UC Workers Union Will Not Face Significant Financial Losses Following Supreme Court’s Janus vs. AFSCME Ruling

In a 5-4 decision handed down on June 27, the U.S. Supreme Court struck a heavy blow to the  American Federation of State, County, and Municipal Employees. The decision in the case Janus vs. AFSCME held that charging public labor union fees to non-members is a violation of the First Amendment.  

Writing on behalf of the majority, Justice Samuel Alito reasoned that public labor unions are, by nature, political, and therefore cannot compel workers to support them financially. Because, as the majority argues, union funds are used for persuading government and public policymaking, compelling people to pay fees for such activity is the same as forcing political support for a specific cause that individuals may not agree with.

This decision overturns the ruling in the 1977 case, Amood v. Detroit Board of Education, which allowed unions to charge “agency fees” from non-members to cover the cost of negotiations. In essence, unions used to be able to charge a shared fee from workers, even if they weren’t involved or supported the union.

Citing implications of free speech, the majority decision asserts that “no person in this country may be compelled to subsidize speech by a third party that he or she does not wish to support.”

The local chapter of AFSCME 3299, the largest union representing UC workers, has been locked in negotiation battles with the UC system for months. Back in May, their service unit launched a three-day labor strike across all UC campuses, following an impasse over contract renewals.

John de Los Angeles, communications director for 3299, told the UCSD Guardian that the union isn’t too worried about their funding after the Janus decision.

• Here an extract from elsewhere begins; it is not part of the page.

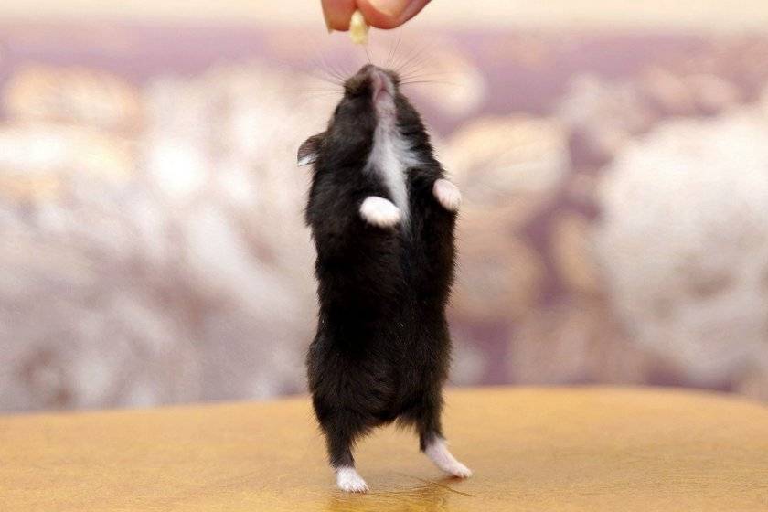 Такое упражнение под силу любому хомяку, поэтому приступать к обучению можно в самом раннем возрасте. Дрессировка обязательно проводится с любимым лакомством грызуна, в надежде дотянуться до которого, питомец будет стараться встать на задние лапы.

“Our members do understand the importance of remaining members in the union” de Los Angeles said. “I am glad to say, we financially in good standing because of that.”

In 2016, the case Friedrichs v. California Teachers Association brought up substantially similar arguments as Janus. The issue addressed was the legality of fundraising methods employed by public sector unions with regards to the First Amendment.

However, because Justice Antonin Scalia’s seat was still vacant following his death, the eight-member court divided evenly on the issue, and the ruling of the lower court automatically stood. De Los Angeles says that the Janus case was just a reincarnation of Friedrichs.

“When we first heard of the Friedrichs case, our union actually began having conversations about the importance of membership, one-on-one with our members. We read the tea leaves ahead of time and got out ahead of it.”

Although their funding has not been hindered significantly , AFSCME 3299 is still frustrated with their negotiation progress. Giving an update about the status of their negotiations with the UC after the strike in May, de Los Angeles said that the service unit has been invited back to the table, but not much headway has been made on core issues.

“They have yet to respond to the growing inequality that we’ve been raising for quite some time now. They have yet to acknowledge that this is being driven by their outsourcing practices. They question where this data is coming from, but in fact, we’ve received that data directly from the UC. It’s their own employment data, so these numbers don’t lie.”

De Los Angeles added that while wages and outsourcing are contentious issues, the real source of anger from their members is more deeply rooted in economic and social justice.

“Our communities of color have been historically left out. This fight is not about a 3 percent [wage increase], this is about the 20 percent gap in pay for women of color. This is about the 37 percent decline of the African American workforce at UC since 1996” de Los Angeles stated. “I think if we’re gonna be talking about these issues, we need to acknowledge that these are real problems that are the source of this anger and uprising from workers and students.”

De Los Angeles also noted that new members have joined the UC Board of Regents since the end of the school year. When asked what he hopes to see from the new board members, he told the Guardian that there is an opportunity to bring a fresh perspective on long-stagnated issues.

“I hope they engage with us in a dialogue that acknowledges these problems,” he said. “Leadership has failed to acknowledge this for a while.”